- Thompson from a 1955 issue of The Guider
- Born: Angela Ayscough Thompson 28 August 1896 Potters Bar, Middlesex, England
- Died: 24 November 1954 (aged 58) Burcot, Worcestershire, England
- Occupation: Girl Guide executive

= Angela Thompson =

British Girl Guide executive

Angela Ayscough Thompson (Note: Her surname sometimes appeared as just Thompson) (28 August 1896 – 24 November 1954) was a Girl Guide Association (GGA) executive. She was the first chair of the GGA's religious panel, and international head of camping during WWII. She received the Silver Fish Award, the Girl Guiding movement's highest adult honour.
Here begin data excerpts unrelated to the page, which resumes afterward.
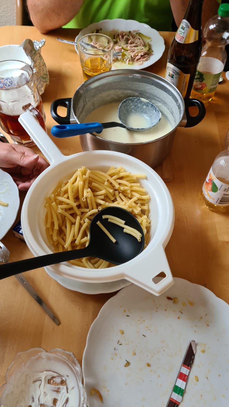 Nudeln, Kartoffeln, Mais, Salat, Erbsen, Brot, Leberkäse, Fisch, Bier
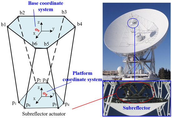 To achieve the necessary precision, modern radio telescopes often utilize 6-Degree Of Freedom (6-DOF) parallel platforms as subreflector actuators to adjust the subreflector’s position and orientation [3]. The QiTai Radio Telescope (QTT), currently under construction, features a Gregorian parabolic antenna designed to cover the frequency range of 150 MHz to 115 GHz, a subreflector that is an aluminum honeycomb sandwich structure, an aperture of 12 m, and a weight of about 4000 kg, and its geometric surface is a hyperboloid of revolution [4,5]. The subreflector of QTT employs an asymmetric Stewart platform to achieve the desired position and orientation through precise control of each actuator’s length [6]. The Green Bank Radio Telescope (GBT) also uses an orthogonal Stewart platform as a subreflector actuator [7]. Additionally, in 2006, the 100 m Effelsberg telescope was upgraded with an active subreflector system that implemented an asymmetric Stewart platform to ensure the accurate positioning and orientation of the subreflector [8]. Several well-known radio telescopes have successfully applied traditional Stewart platforms, including the Large Millimeter Telescope (LMT) [9], the Atacama Large Millimeter Array (ALMA) [10], the Five-hundred-meter Aperture Spherical Telescope (FAST) [11], the TianMa Radio Telescope [12], and the NanShan Radio Telescope (NSRT) [13], among others.
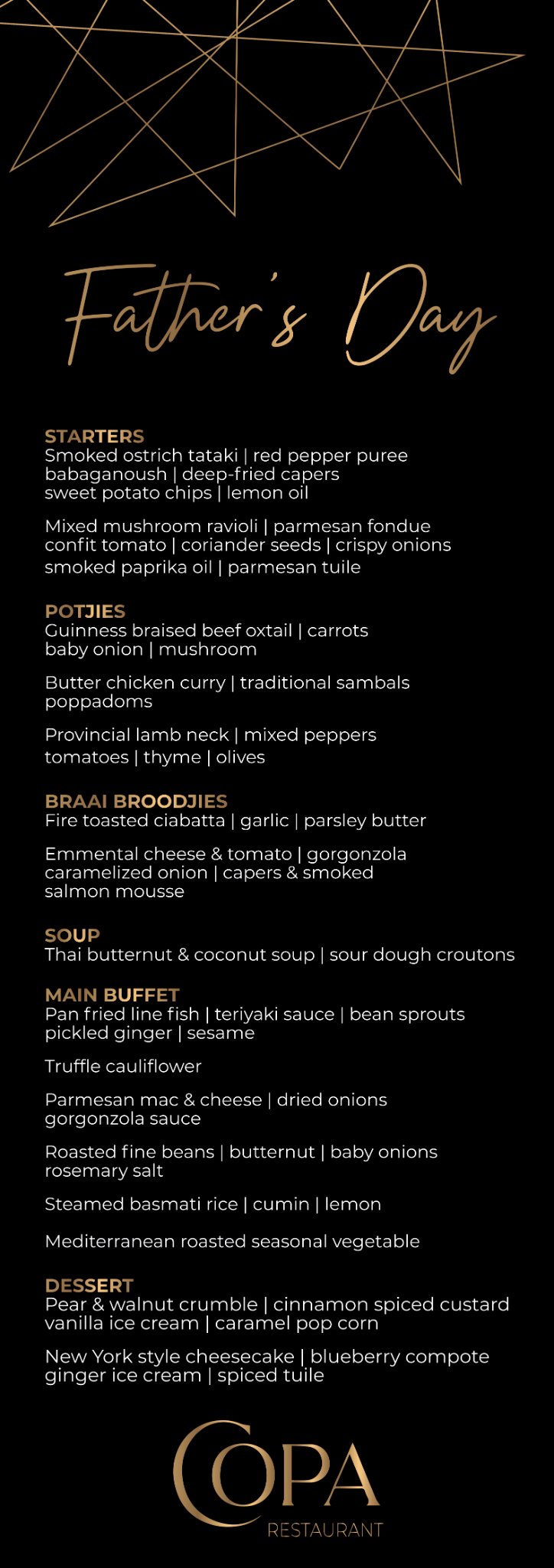 A chef – served buffet with delicious South African winter classics that will be enjoyed by the entire family that is available for R495 per person.
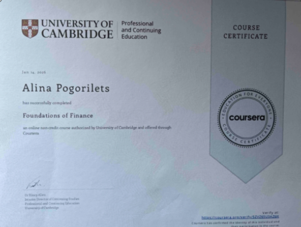 Використовуючи знанієвий капітал з корпоративних фінансів, банківських операцій, ринку фінансових послуг, оцінки інвестиційних проєктів та аналізу капіталу, студентка успішно виконала всі практичні кейси й фінальні завдання, чим продемонструвала високий рівень підготовки й навички аналізувати фінансову звітність, оцінювати рушійні сили зростання та бізнес-ризики, а також розуміння основ банківської справи, кредитування та фінансового планування, й 13.01.2026 р. отримала сертифікат за спеціалізацією «The Principles of Financial Leadership».
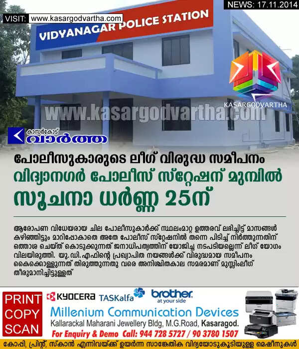 പോലീസുകാരുടെ ലീഗ് വിരുദ്ധ സമീപനം: വിദ്യാനഗര് പോലീസ് സ്റ്റേഷന് മുമ്പില് സൂചനാ ധര്ണ്ണ 25ന്
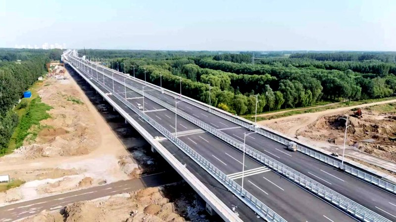 市建科院代建路段全长5.3公里,始于河北省廊坊市香河县钳屯镇双安新城西侧的国道G230钳屯弯道,止于国道G230与乡道老夏安线的交汇处。项目的核心为全长2909.5米的北运河特大桥及引桥工程,包含一座长度280米跨越北运河的主桥。全路段按照一级公路标准进行修建,路基宽度为45米,配备机动车双向六车道,并前瞻性地设置了独立的非机动车道及人行道,设计时速为80公里。

==Personal life and education==
Thompson was the third child of Henry Asycough Thompson, a wholesale druggist, and Annie Thompson. She worked at Little Heath Church, Hertfordshire. In later years she lived in Burcot, Worcestershire where she attended All Saints Church, Bromsgrove and was vice-chair of the church council.
She died after falling off her scooter while on her way to communion. A memorial service was held for her at St Michael's Church, Chester Square, London.

==Girl Guides==
Thompson joined the Girl Guide movement as a Brownie leader in Little Heath, Hertfordshire, where she later worked as a Guide leader and commissioner. During WWII she served as the movement's international head of camping. She received the Silver Fish Award in 1945. She was chair of the publications department and in 1951 joined the executive committee and council. Thompson was the first chair of the religious panel of the GGA, a position she held until her death.